Het Palmyra Atoll bestaat uit tientallen eilanden met een bijzondere mix van koraalbrokstukken, veen en tropisch regenwoud. „Als je onder de bomen doorloopt krijg je te horen dat je niet te veel omhoog moet kijken, anders kan er een bloedzuiger op je oog landen.”

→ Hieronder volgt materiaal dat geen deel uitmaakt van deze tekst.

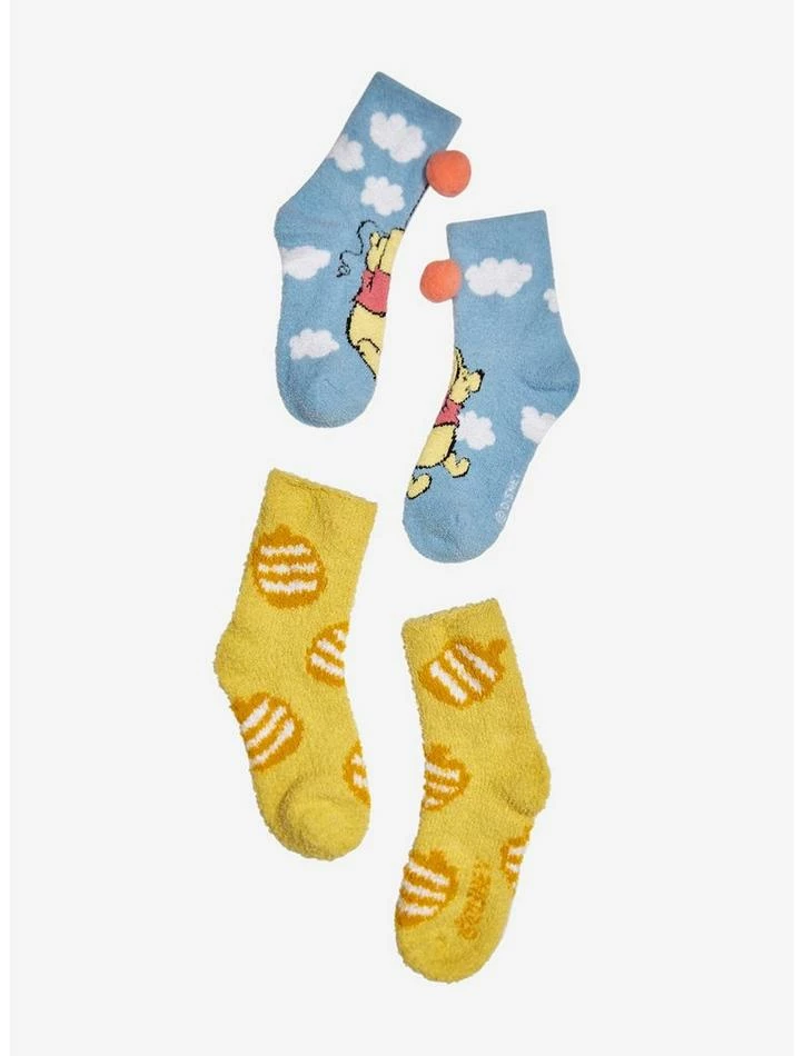Stay cozy with the help of your Hundred Acre Wood fave! These Winnie the Pooh fuzzy socks feature one pair depicting Pooh flying through the clouds with pom detailing as the balloon. The other pair highlights a toss print of honey jars.
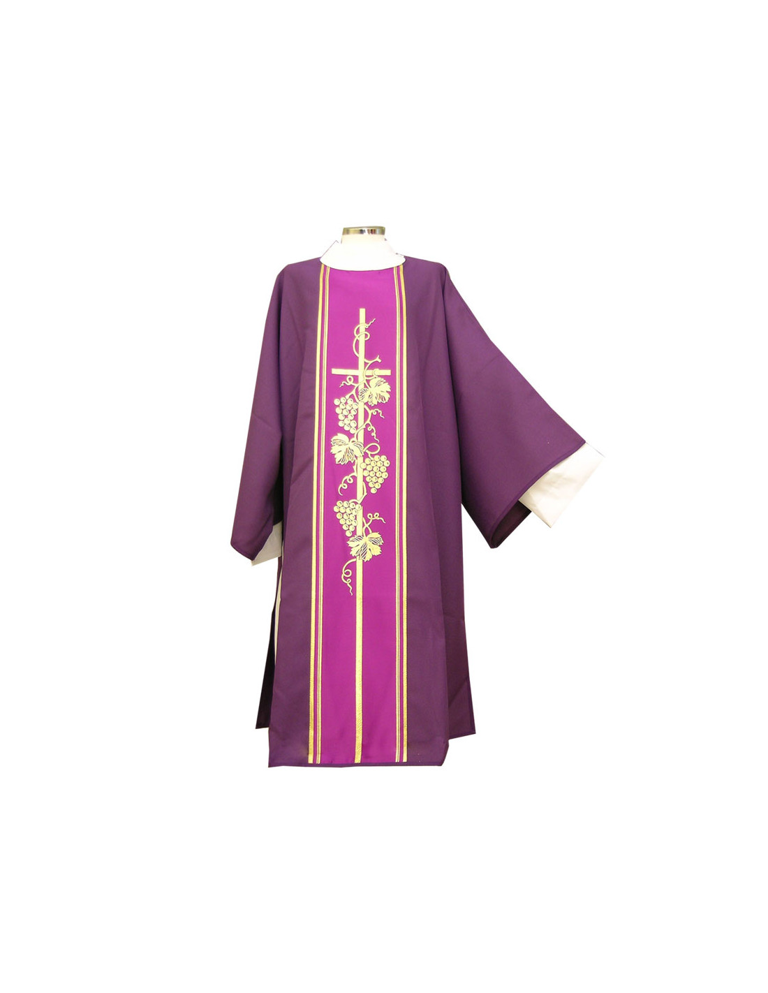 Dalmática estampada, confeccionada en tejido liso de alta calidad. Motivo central de Cruz larga con racimos. Cuello redondo. Disponible en más colores litúrgicos. Confeccionada en la UE.
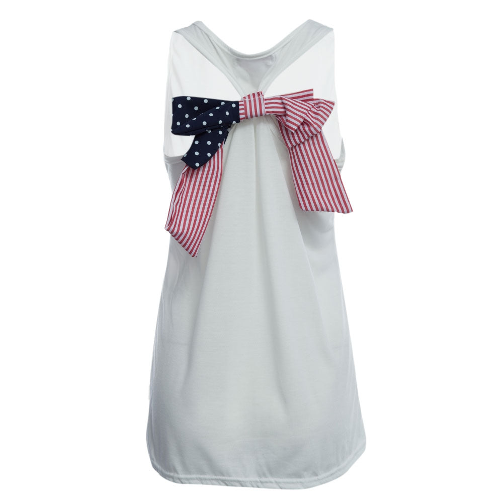 Casual Round Collar Sleeveless Print Back Bowknot Design Tank Top
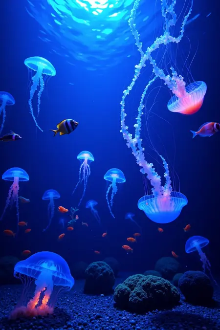 해파리와 물고기가 있는 수중 장면, 네온색 생물, 생물 발광 효과, 어두운 파란 배경 속 심해의 신비로움.
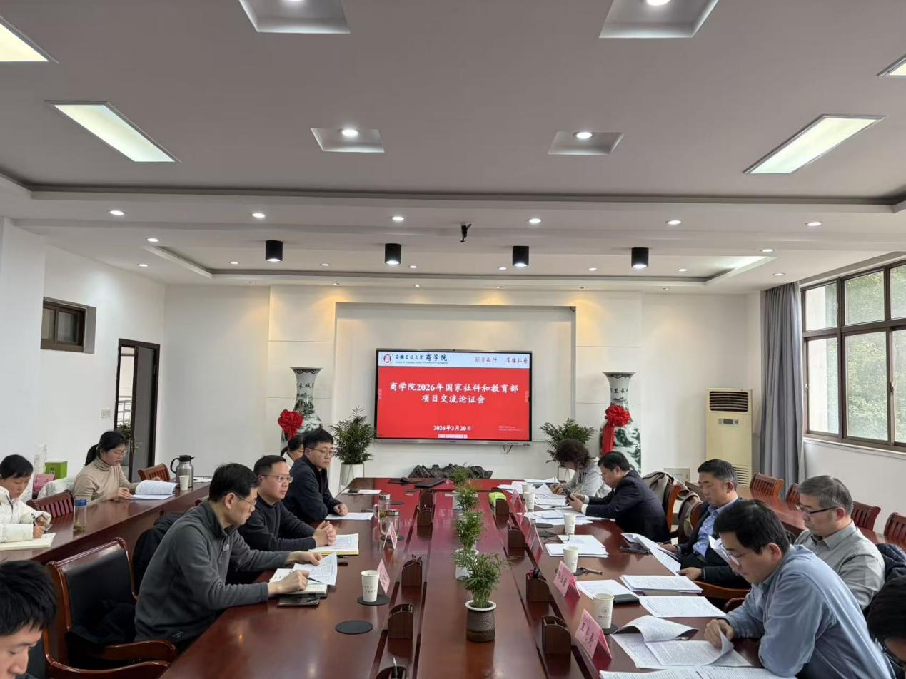 3月20日下午,商学院组织召开了2026年度国家社科基金以及教育部人文社科基金项目申报论证会。会议特邀了南京大学郑江淮教授、王亮亮教授,南京航空航天大学周德群教授,安徽大学李静教授、管治华教授和胡晓涛副教授等六位专家莅临指导。院长章铁生、副院长周世军和项目申请教师等参加了论证会,会议由周世军主持。
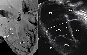 Pathological specimen and ultrasound image of a heart with Ebstein's anomaly: Abbreviations: RA: right atrium; ARV: atrialized right ventricle; FRV: functional right ventricle; AL: anterior leaflet; SL: septal leaflet; LA: left atrium; LV: left ventricle; asterisk: grade II tethering of the tricuspid septal leaflet | |
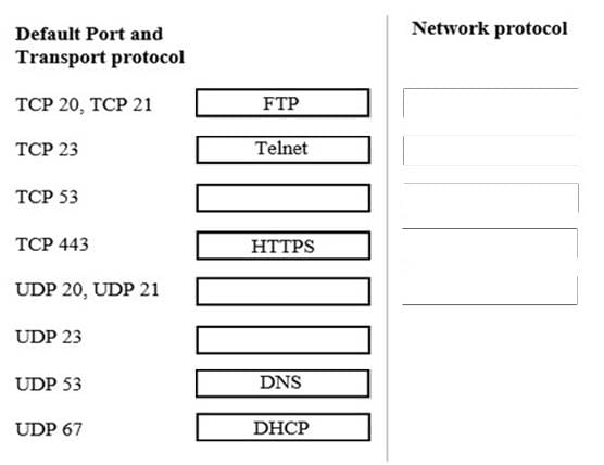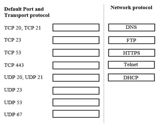 Match each network protocol to the correct default listening port and transport protocol. Not all answers will be used.
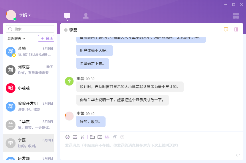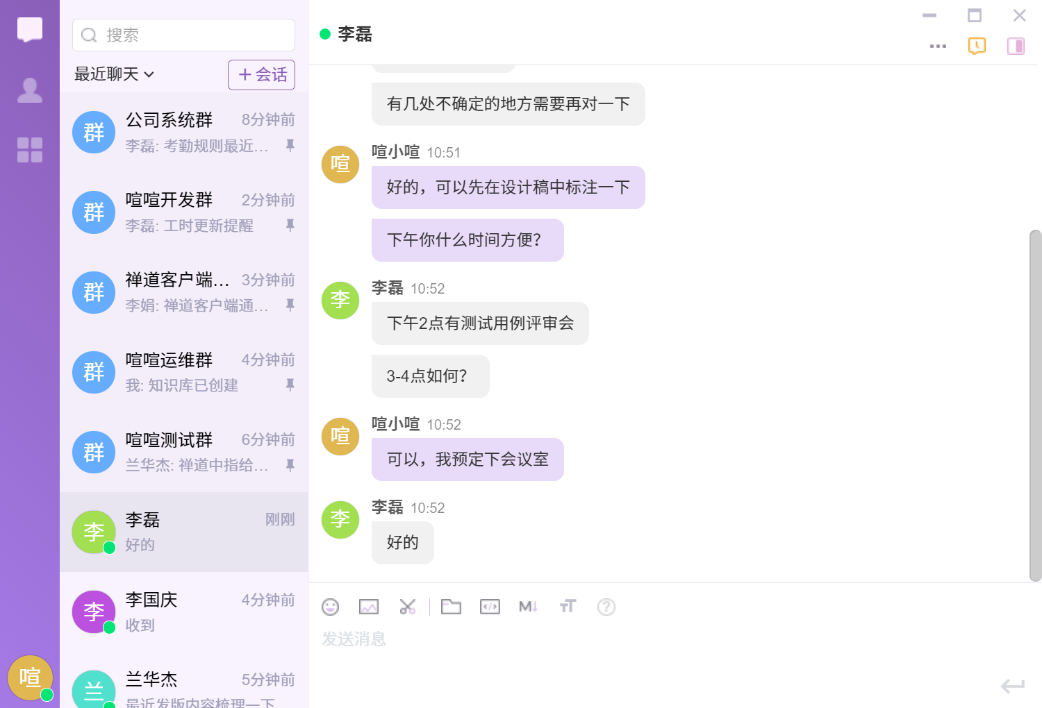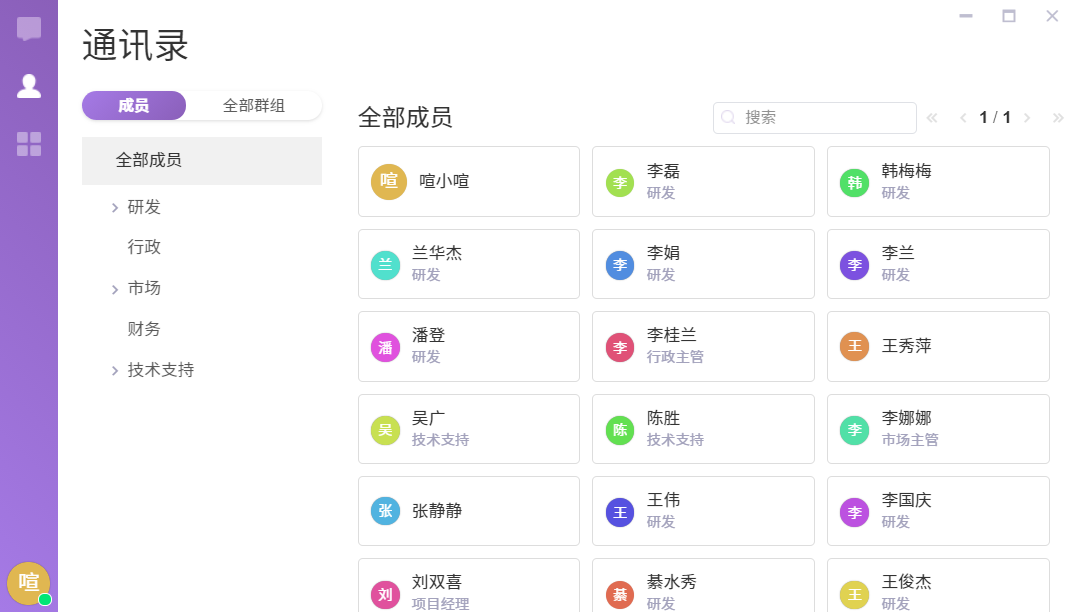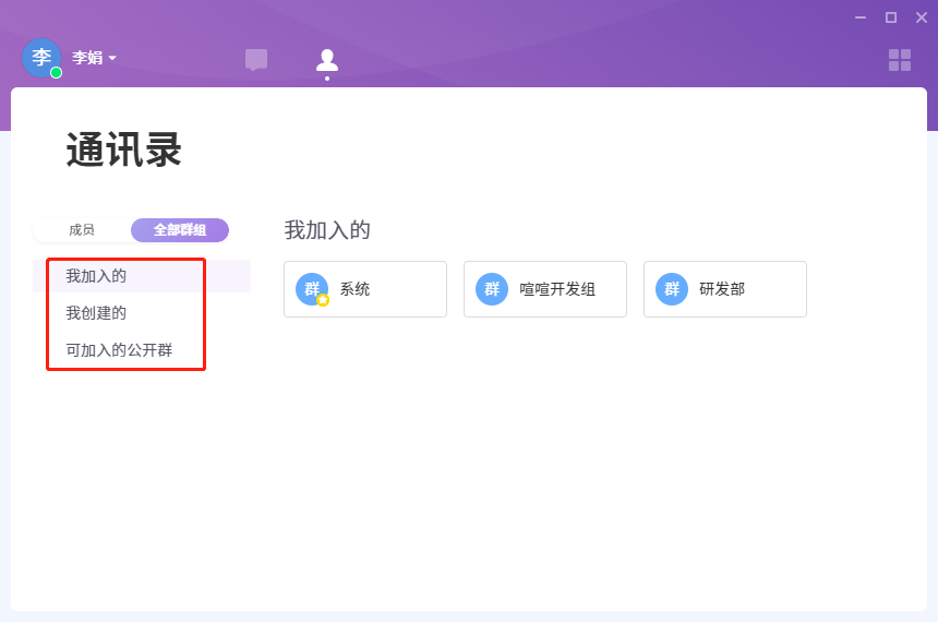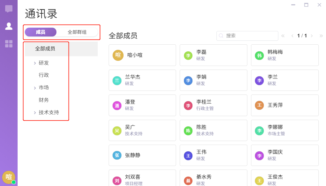 喧喧3.0版本新增了通讯录的功能,通讯录里显示着成员和群组信息。

Maar de blik van Kiers was sowieso naar beneden gericht. Als cartograaf van de ondergrond lag dáár haar werkterrein. „De tropische bomen op het atol bieden een thuisbasis voor vogels, en hun vogelpoep vormt voeding voor de koraalriffen in de oceaan. Daarnaast is er nóg een essentiële schakel in het ecosysteem: het ondergrondse netwerk dat ervoor zorgt dat de bomen voldoende voedsel hebben. Daarover is op Palmyra nog vrijwel niets bekend, en het was onze taak om het netwerk te bemonsteren, om te zien welke rol het precies speelt in het geheel.”

The network – Kiers zegt het haast liefkozend. De wetenschappelijke term voor het netwerk is mycelium, oftewel: het geheel van ragfijne schimmeldraden dat overal ter wereld door de bodem loopt en wordt gevormd door zogeheten mycorrhizaschimmels. Lang lag het mycelium buiten het blikveld van wetenschappers, net als de rest van het schimmelrijk. Tot eind jaren zestig werden schimmels door biologen zelfs gewoon nog bij de planten ingedeeld.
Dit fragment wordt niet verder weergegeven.